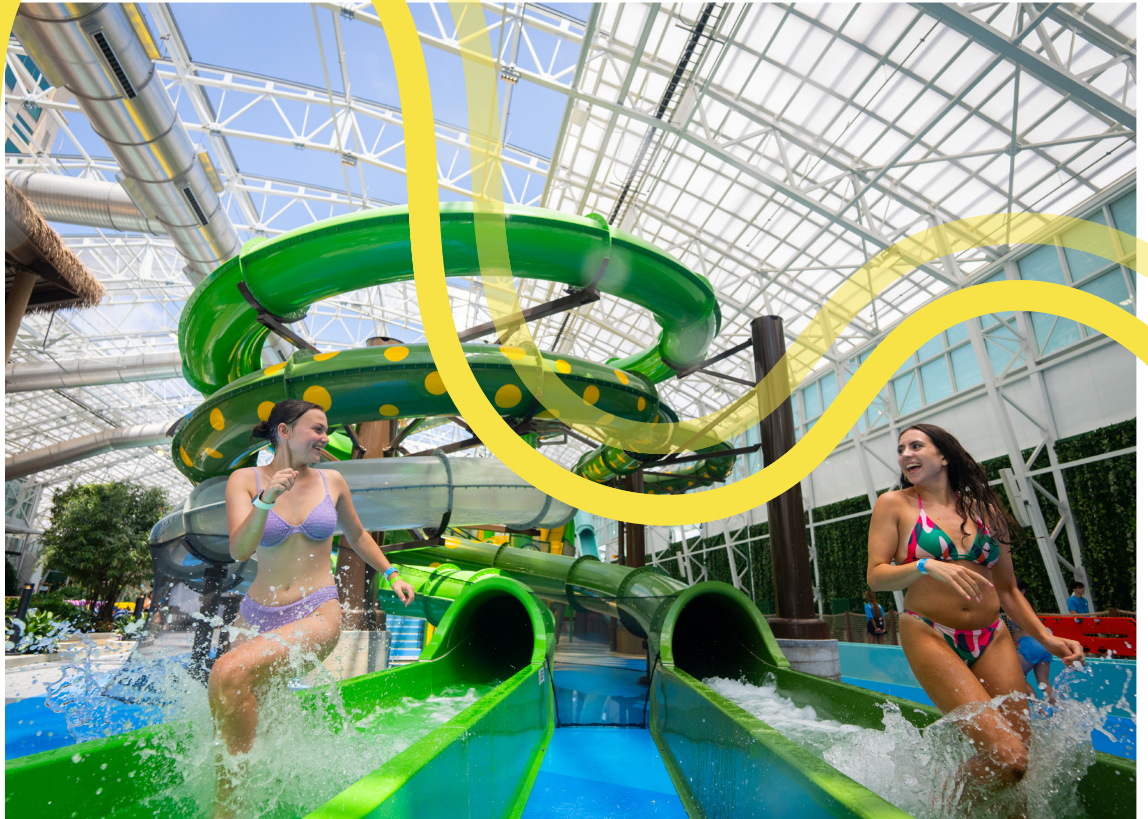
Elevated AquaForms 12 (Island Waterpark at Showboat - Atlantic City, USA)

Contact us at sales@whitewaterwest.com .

==

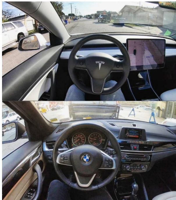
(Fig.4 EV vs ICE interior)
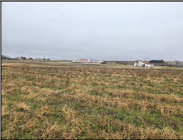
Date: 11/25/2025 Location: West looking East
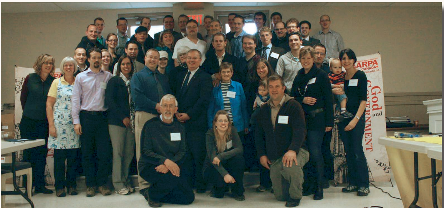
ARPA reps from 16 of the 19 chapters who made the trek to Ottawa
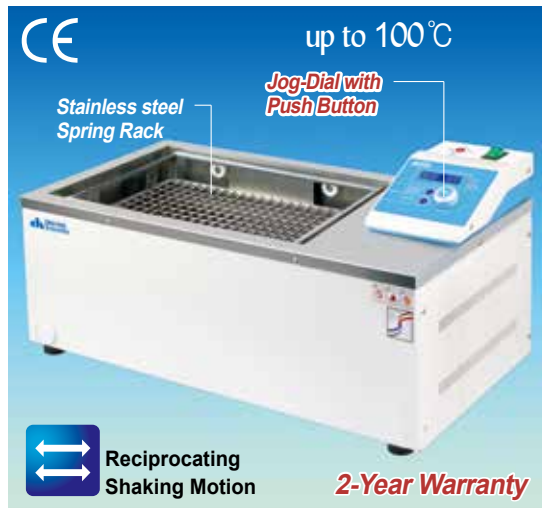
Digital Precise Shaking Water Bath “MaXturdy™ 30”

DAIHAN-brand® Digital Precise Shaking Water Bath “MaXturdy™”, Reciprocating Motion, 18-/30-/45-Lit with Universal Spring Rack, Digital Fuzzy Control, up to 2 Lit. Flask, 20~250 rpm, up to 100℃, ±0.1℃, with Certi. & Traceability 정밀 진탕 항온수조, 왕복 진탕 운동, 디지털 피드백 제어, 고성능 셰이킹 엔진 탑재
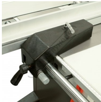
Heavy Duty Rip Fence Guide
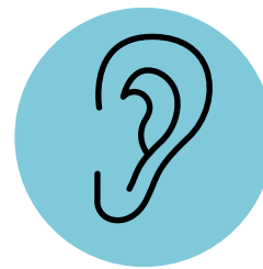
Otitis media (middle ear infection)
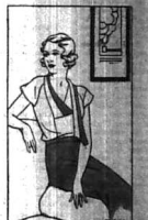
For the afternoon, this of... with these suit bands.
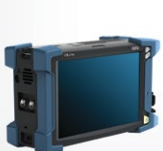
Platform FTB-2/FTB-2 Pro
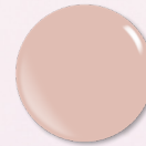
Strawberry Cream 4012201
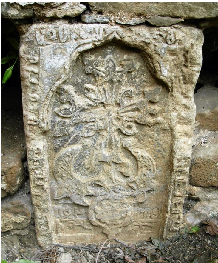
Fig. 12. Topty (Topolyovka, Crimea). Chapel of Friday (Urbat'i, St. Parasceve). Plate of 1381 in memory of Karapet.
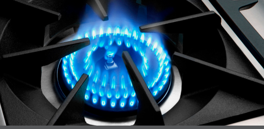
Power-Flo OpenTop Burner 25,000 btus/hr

#### [TASK DIRECTIONS]
Transcribe only the lines above that start at the line containing "ARPA reps from" and end at the line containing "For the afternoon, this". Omit pictures.

#### [YOUR RESPONSE]
ARPA reps from 16 of the 19 chapters who made the trek to Ottawa
Digital Precise Shaking Water Bath “MaXturdy™ 30”

DAIHAN-brand® Digital Precise Shaking Water Bath “MaXturdy™”, Reciprocating Motion, 18-/30-/45-Lit with Universal Spring Rack, Digital Fuzzy Control, up to 2 Lit. Flask, 20~250 rpm, up to 100℃, ±0.1℃, with Certi. & Traceability 정밀 진탕 항온수조, 왕복 진탕 운동, 디지털 피드백 제어, 고성능 셰이킹 엔진 탑재
Heavy Duty Rip Fence Guide
Otitis media (middle ear infection)
For the afternoon, this of... with these suit bands.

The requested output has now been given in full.